Planned job changes and the implementation of water management and synchronization

  • This is a timing slice based scheduling system should of course be considered, but it is usually relatively simple.

  • In the DAG workflow class scheduling system, because of the complexity of the dependencies of flexibility and job tasks trigger mechanism, this requirement is particularly important, need to provide more complex functions, specific problem solving it is also a lot of difficulties.

 

The task priority management, service isolation, rights management, etc.
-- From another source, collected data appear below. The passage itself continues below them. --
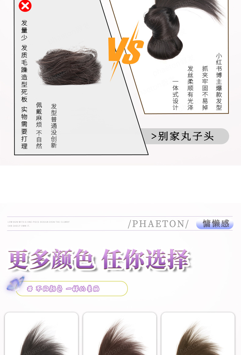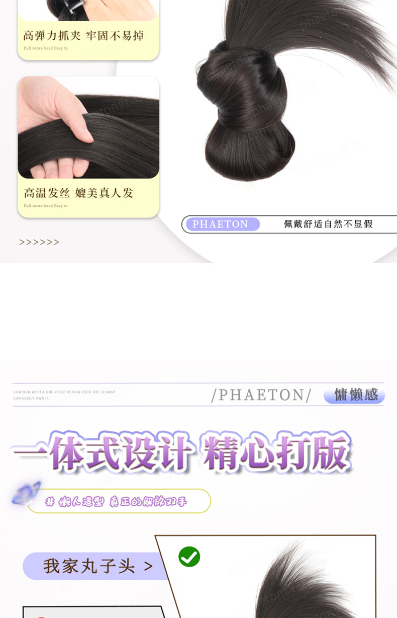 丸子のかつらの女性の怠惰な感じはつぼみの頭の偏平な頭の専用の髪をつかんで、旺盛な後頭部のかつらの髪の輪を包みます。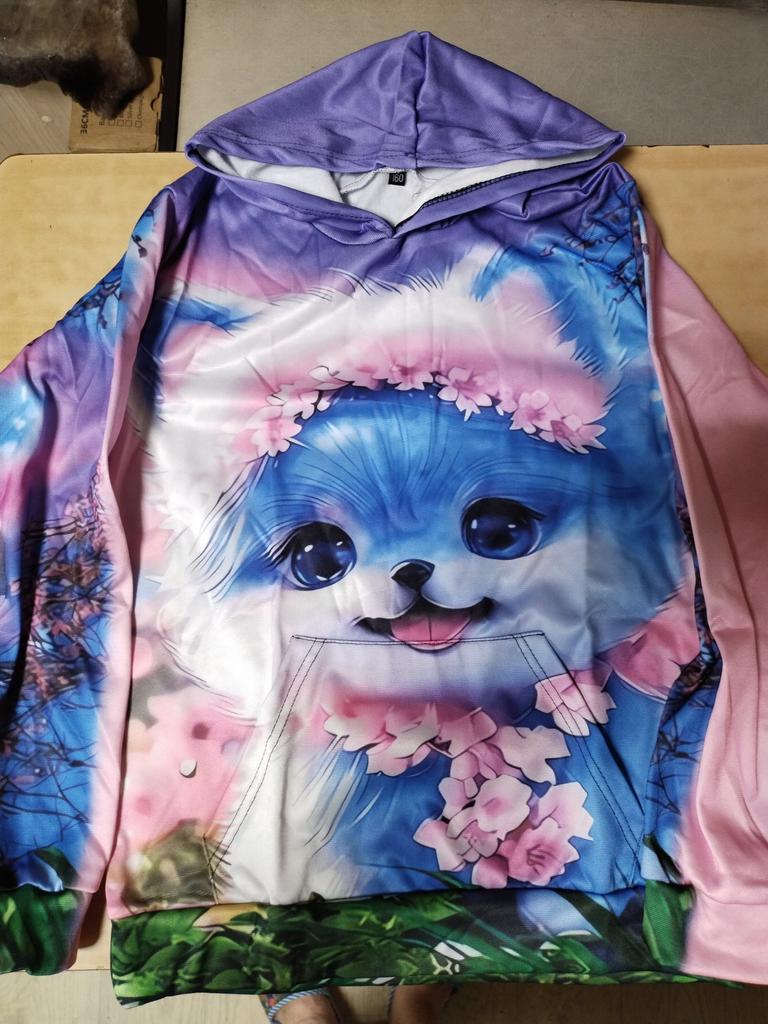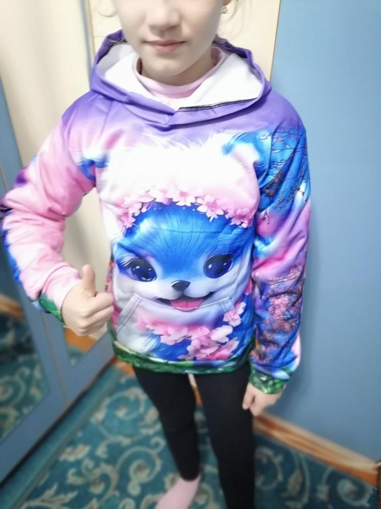 The sweatshirt is excellent, the print is bright, I bought it not for myself.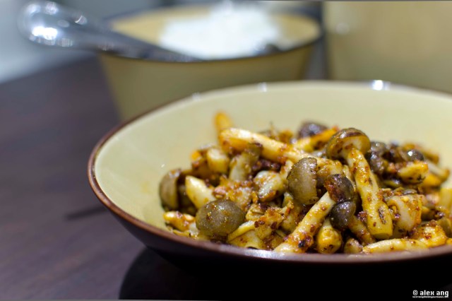 Sambal goreng mushrooms (S$14) with crispy shrimp sambal toes the same line; it’s not formulaic Straits Chinese fare but the rempah (spice paste) at the core of nonya cooking flavours the wok toss of oyster mushrooms and shimeji to yield yet another flavoursome plate.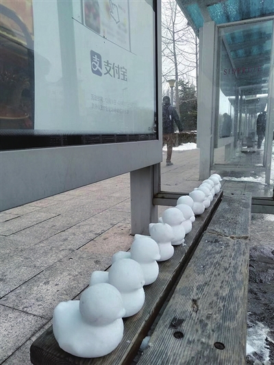 汇泉广场公交车站长凳上,有人放了一排可爱的小雪鸭。王法军 摄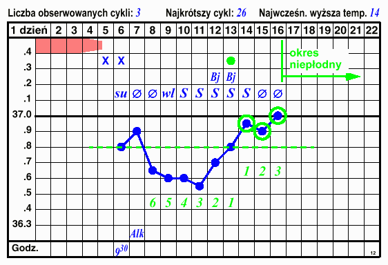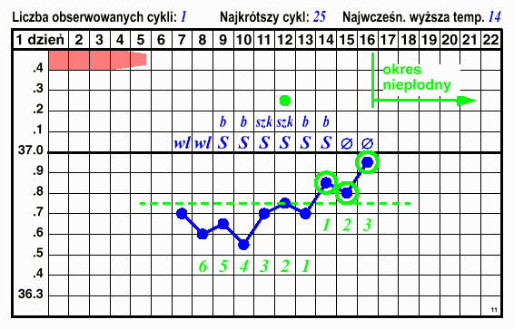 Jeżeli powyższe warunki są spełnione, wieczór 3-go dnia temperatury wyższej uznajemy za niepłodny. Okres niepłodny trwa aż do miesiączki i w tym czasie nie musimy już mierzyć temperatury ani obserwować śluzu.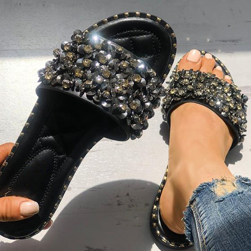 Women Crystal Diamond Bling Beach Slides Sandals Slipper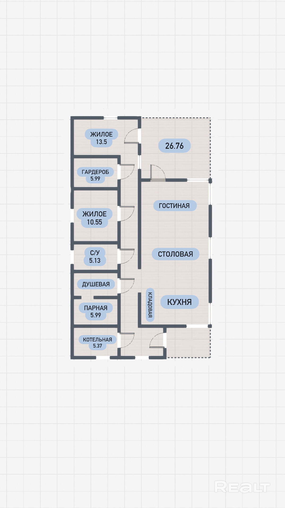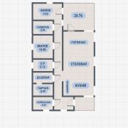 В продаже дом под чистовую отделку в садовом товариществе «Контакт-2009» общей площадью 122,4 м2, расположенный на участке размером 7,16 соток (36 х 20 м). Внутри дома предусмотрены теплые полы и залита финишная стяжка, а электрика разведена по всем помещениям. Стены отделаны финишной штукатуркой, а остекление и фурнитура выполнены от немецкого бренда Roto. Проект включает санузел площадью 5,1 м2 и парную с душевой и предбанником общей площадью 10,8 м2. Также в доме находятся две спальни размером 10,5 м2 и 13,5 м2, гардероб площадью 6 м2 и просторная кухня-столовая общей площадью 63,2 м2 с выходом на террасу площадью 26,8 м2. К кухне примыкает кладовая размером 2,3 м2.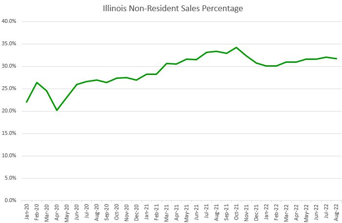 2021 adult-use sales of $1.38 billion increased 106% over 2020 in Illinois, and year-to-date sales of $886.26 million have increased 16.0% so far in 2022. During August, sales to non-residents decreased from 32.1% in July to 31.8% of total sales: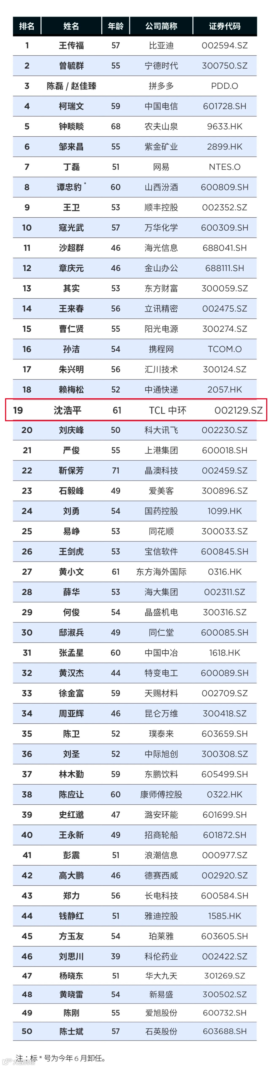 7月12日,福布斯中国发布了“2023中国最佳CEO”榜单,TCL中环总经理沈浩平连续两年入选,排名第19位。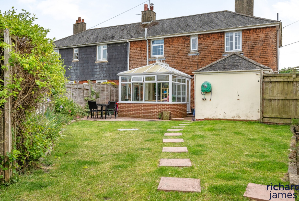 Outside are enclosed front and rear gardens. Driveway parking and tandem garage/workshop.

  • In the timing slice based scheduling system, under normal circumstances, the specific implementation of the business end of the isolation in many cases the natural, will register a specific service node to perform a specific task. Then, with business links shorter than normal, and strong real-time requirements, the management usually requires priority is not high, basically rely on resources to achieve isolation of resources available, there is less competition for resources issues, rights management also empathy.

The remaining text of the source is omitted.